- Goal of the exercise:
Only the lines in the entries below from the line with "Дубленка авиатор оверсайз" to the line with "เกณฑ์ ICD Code", both included, belong in the answer, transcribed exactly and without pictures.

- Dataset:
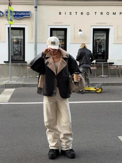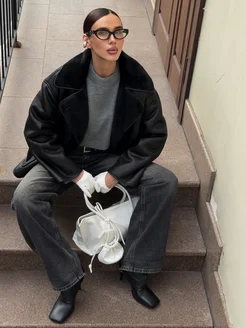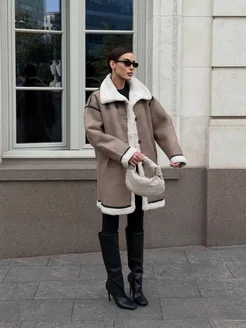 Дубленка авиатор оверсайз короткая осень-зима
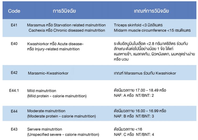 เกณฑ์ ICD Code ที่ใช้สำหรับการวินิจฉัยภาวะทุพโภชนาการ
--
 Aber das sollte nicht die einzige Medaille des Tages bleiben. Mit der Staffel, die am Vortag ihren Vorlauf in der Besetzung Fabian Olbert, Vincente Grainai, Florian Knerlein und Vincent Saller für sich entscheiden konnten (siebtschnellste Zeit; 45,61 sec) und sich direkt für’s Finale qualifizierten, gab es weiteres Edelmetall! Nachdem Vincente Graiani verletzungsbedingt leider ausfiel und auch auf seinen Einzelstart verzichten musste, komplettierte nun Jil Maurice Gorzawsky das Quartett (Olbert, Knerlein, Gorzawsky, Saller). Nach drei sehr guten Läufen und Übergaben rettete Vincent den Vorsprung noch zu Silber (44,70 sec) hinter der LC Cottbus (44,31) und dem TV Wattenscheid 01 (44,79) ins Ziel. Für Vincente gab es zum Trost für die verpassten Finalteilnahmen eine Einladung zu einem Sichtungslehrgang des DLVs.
==
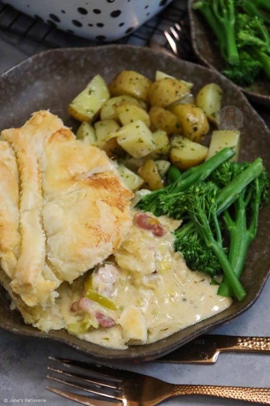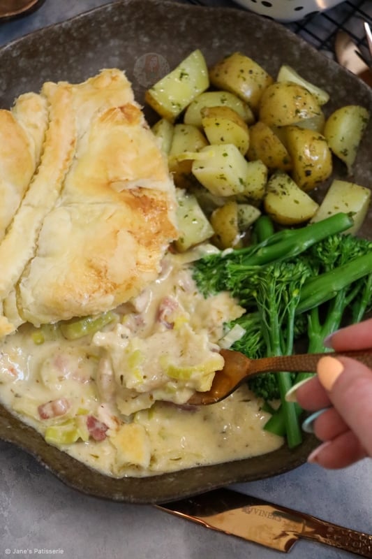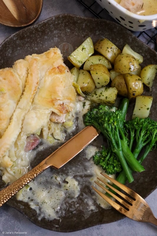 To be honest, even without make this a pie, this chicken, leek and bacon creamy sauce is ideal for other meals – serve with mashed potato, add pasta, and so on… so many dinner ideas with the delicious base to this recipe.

- Completed exercise:
 Дубленка авиатор оверсайз короткая осень-зима
 เกณฑ์ ICD Code ที่ใช้สำหรับการวินิจฉัยภาวะทุพโภชนาการ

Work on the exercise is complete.